I’ve legit used Task only a couple of times total, and I could have easily done them another way (which really might have been shorter code too).

Thanks @peerreynders. Your corrections worked. I asked if there was a better way because I happened to look at Task.find after I had written get_matched_task/2 and they looked similar. Since Task.find was deprecated, I thought a function which does almost the same thing had to be defective.

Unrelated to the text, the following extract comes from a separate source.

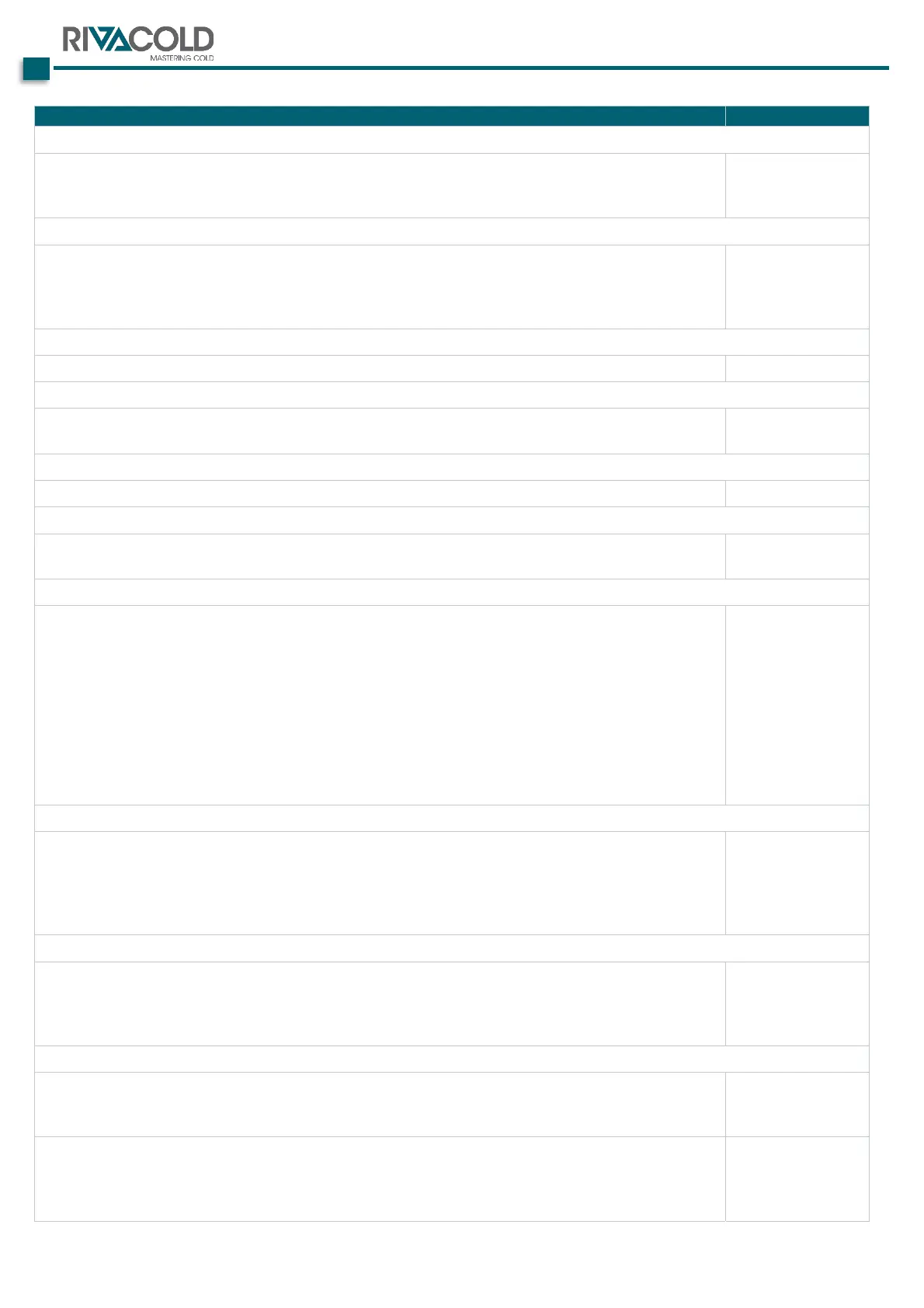 Table 6 - Maintenance frequency

I really like the cleanups you introduced. It solved a headache I was having where I’d get {:DOWN, _, _, _, _} messages and couldn’t figure out where they were coming from. I tried using observer.start to see if I could catch them, but I guess since those processes had exited before I turned to observer, I wouldn’t find them.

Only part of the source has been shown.